Though, initially, he had in mind to inquire about Zakaullah, and if the master had heard from him lately; if he thought he was in Afghanistan, or Kashmir, he decided not to trouble him with such matters. Instead, he talked to distract him. He talked about news. The city. The new furniture his son intended to buy for the classrooms. He talked about the fair at the shrine, which was smaller that year. He recalled how grand it used to be when they were boys. He made a full circle.
He returned to the school, for that was all he really had to tell. After all, he had forty years of service behind him. He talked of the new school, and told Attaullah of his son’s idea of including a laboratory. And that was where Attaullah could offer some ideas. He said, ‘I don’t need to tell you, but you’re always welcome here, Atta. In fact, do keep coming my friend.’ He paused, still looking down at his boots. ‘It gets quite lonely around here, sometimes. I mean, all I have to do is sit, and stare at the walls. My son takes care of things. As I told you, I’m the face around here. But I have nothing else to do. Not like the old days…’ He stopped to sigh. He meditated. So complete was his meditation that he failed to see Attaullah’s shadow lengthening on the table; or his cigarette, a quarter unburnt, smoking on the rim of the ashtray. Had he only looked, he would’ve known that his words had no impact. Like the termination hadn’t had an impact. If anything, the master had been cast further afar.
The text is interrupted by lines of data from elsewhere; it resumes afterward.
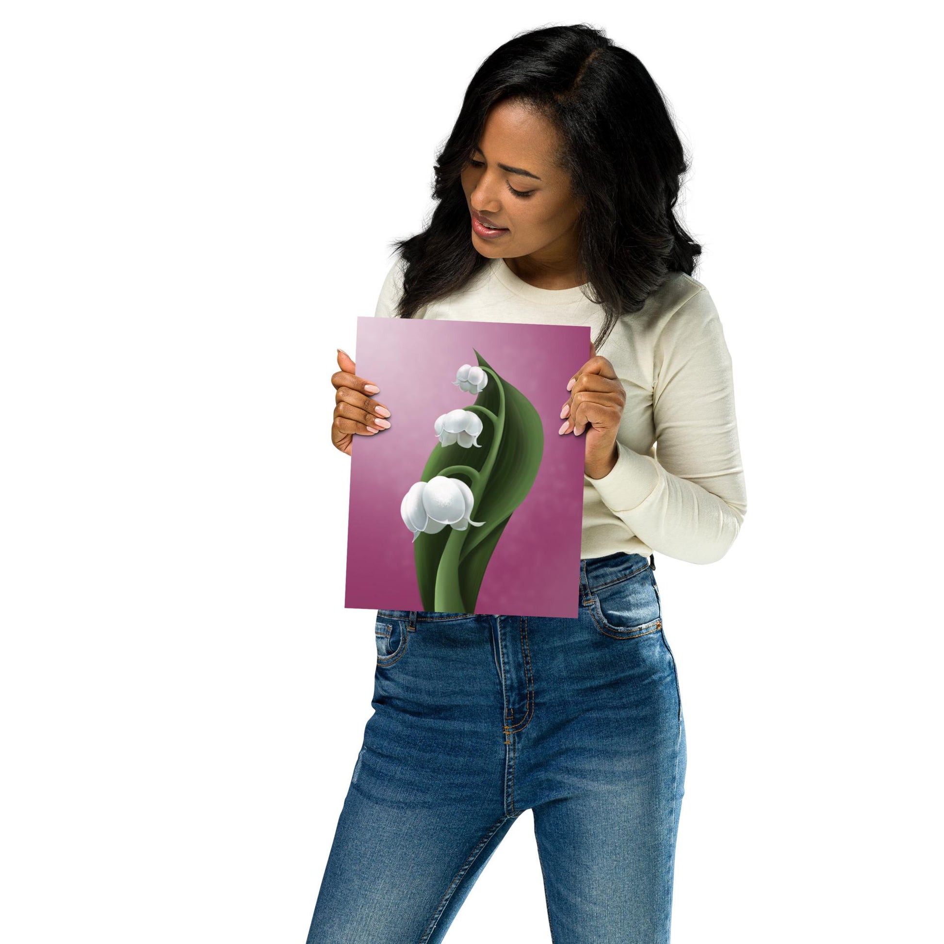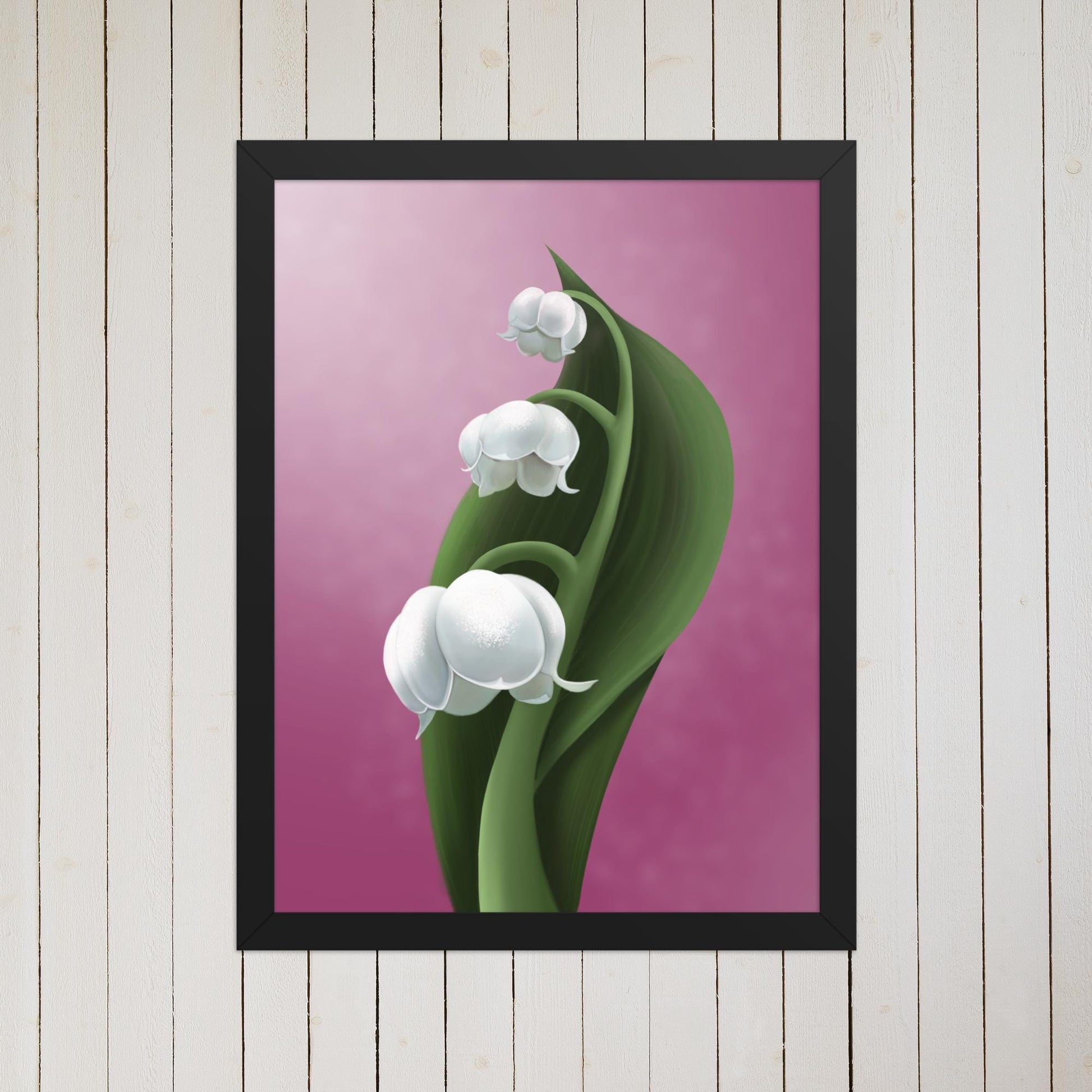 Bring timeless elegance to your space with this hand-painted Lily of the Valley art print. Featuring delicate white bell-shaped blooms nestled in lush green leaves against a soft pink background, this artwork captures the quiet beauty of spring’s most cherished flower.
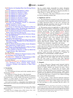 ASTM D1971-16(2021)e1 is a standard published by ASTM International. Its full title is "Standard Practices for Digestion of Water Samples for Determination of Metals by Flame Atomic Absorption, Graphite Furnace Atomic Absorption, Plasma Emission Spectroscopy, or Plasma Mass Spectrometry". This standard covers: SIGNIFICANCE AND USE 4.1 The determination of metals in water often requires the measurement of total (suspended and dissolved) metals as well as soluble (dissolved) metals. In such cases, consistent and dependable digestion procedures must be used so that data derived for the total metals content is reliable. 4.2 The practices given are applicable to a wide variety of sample types for the purpose of preparing a sample for metals analyses by atomic absorption spectrophotometry or plasma emission spectroscopy (see Test Method D1976, Practice D3919, Practice D4691, and Test Method D4190) or plasma-mass spectrometry (see Test Method D5673) and have been shown to give good recovery in the following matrices: industrial effluents; waste water treatment plant influents, sludges, dewatered sludges, and effluents; river and lake waters; and plant and animal tissues. Elements which have shown good recovery include: copper, nickel, lead, zinc, cadmium, iron, manganese, magnesium, and calcium. 4.2.1 Good recovery for the indicated sample types and metals may not be achieved at all times due to each sample's unique characteristics. Users must always validate the practice for their particular samples. 4.3 The analytical results achieved after applying these practices cannot necessarily be deemed as a measure of bioavailable or environmentally available elements. 4.4 These three practices may not give the same recovery when applied to the same sample, nor will they necessarily give the same results as achieved using other digestion techniques. An alternate digestion technique is Practice D4309. SCOPE 1.1 Most atomic absorption and plasma emission spectroscopy, and plasma-mass spectrometric test methods require that the metals of interest be dissolved in a liquid phase before being introduced into the spectrophotometer. These practices describe digestion or dissolution procedures whereby analyte metals associated with the solid fraction of a sample can be brought into solution for subsequent analysis. The following practices are included: Sections Practice A—Digestion with Mineral Acids and Elevated Pressure 8 through 13 Practice B—Digestion with Mineral Acids and Heating at Atmospheric Pressure 14 through 19 Practice C—In-Bottle Digestion with Mineral Acids 20 through 25 1.2 These practices have been demonstrated to be applicable to a wide variety of sample types and sample matrices, and in many cases, will give complete dissolution of the analyte metals of interest. They are by no means the only digestion procedures available. 1.3 The user of these practices should be cautioned that these practices may not completely dissolve all portions of a sample's solid phase and may not give complete recovery of the desired analyte metals. In these cases, other digestion techniques are available that will effect complete dissolution of a sample. It is the user's responsibility to ensure the validity of these practices for use on their particular sample matrix, for their metals of interest. 1.4 This practice assumes that the criteria established in Guide D3856 can be met. 1.5 These digestion procedures have been selected for their wide application, low cost, and ease of use. 1.6 The values stated in SI units are to be regarded as the standard. The values given in parentheses are mathematical conversion to inch-pound units that are provided for information only and are not considered standard. 1.7 This standard does not purport to address all of the safety concerns, if any, associated with its use. It is the responsibility of the user of this standard to establish appropriate safety, health, and environmental practices and determine the applicability of regulatory limitations prior to use. Specific hazard statements are given in Section 6. 1.8 This international standard was developed in accordance with internationally recognized principles on standardization establi...
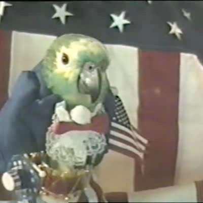 Bird dressed as Uncle Sam with a flag in his hand sits in front of a flag.
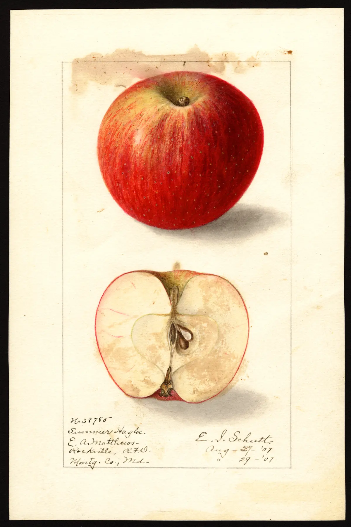 — John J. Thomas, The American Fruit Culturist (1903)Summer Hagloe. Size medium, roundish conic; streaked with bright red on yellow ground; stalk rather short and thick; flesh very soft, rich, of fine quality. Ripens at the end of summer. An excellent culinary variety. Shoots dark, strong, thick; terminal buds very large. This is wholly distinct from the Hagloe Crab, a late, small, ill-shaped, ovate fruit, cultivated only for cider.

He was some more uninvolved, some more impenetrable, for now he was well and truly let gone. Indeed, like a paper kite that’s soared high in the strong winds of a storm’s aftermath, and held still and tense on its string at length, and then snapped, he floated with momentum but no direction.
‘You could come see me every day,’ the headmaster carried on. ‘Well, whenever you feel like it. I’d want you to do that, Atta. Matter of fact, I’d look forward to it. We could talk, you know. You’d come, won’t you Atta? Attaullah?’
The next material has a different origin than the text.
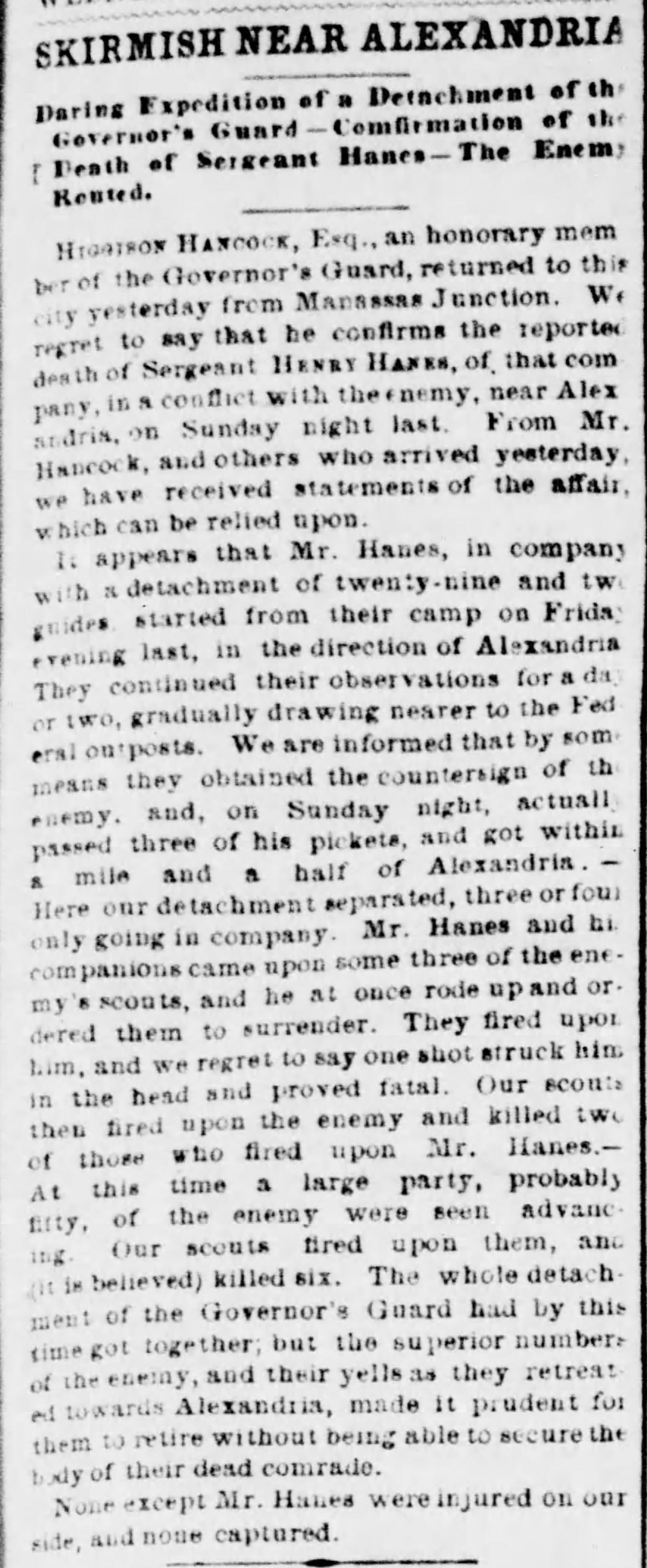 The following account of the skirmish in which Sergeant Hanes, of the Governor’s Guard, lost his life, was telegraphed North from Alexandria, on the 30th of June:

Finally he looked up. The chair was empty. He looked around in panic. But it was a small room, with only one door that opened to the road and the moving fog.
He peered out the window and, momentarily, thought he saw the master’s profile the cap, coat, pants, deep in the spray. It moved slowly, and had no colors now but a dark fadedness. It was not cast by light but it was a shadow. A shadow vague and grey, that turned in the fog and was gone.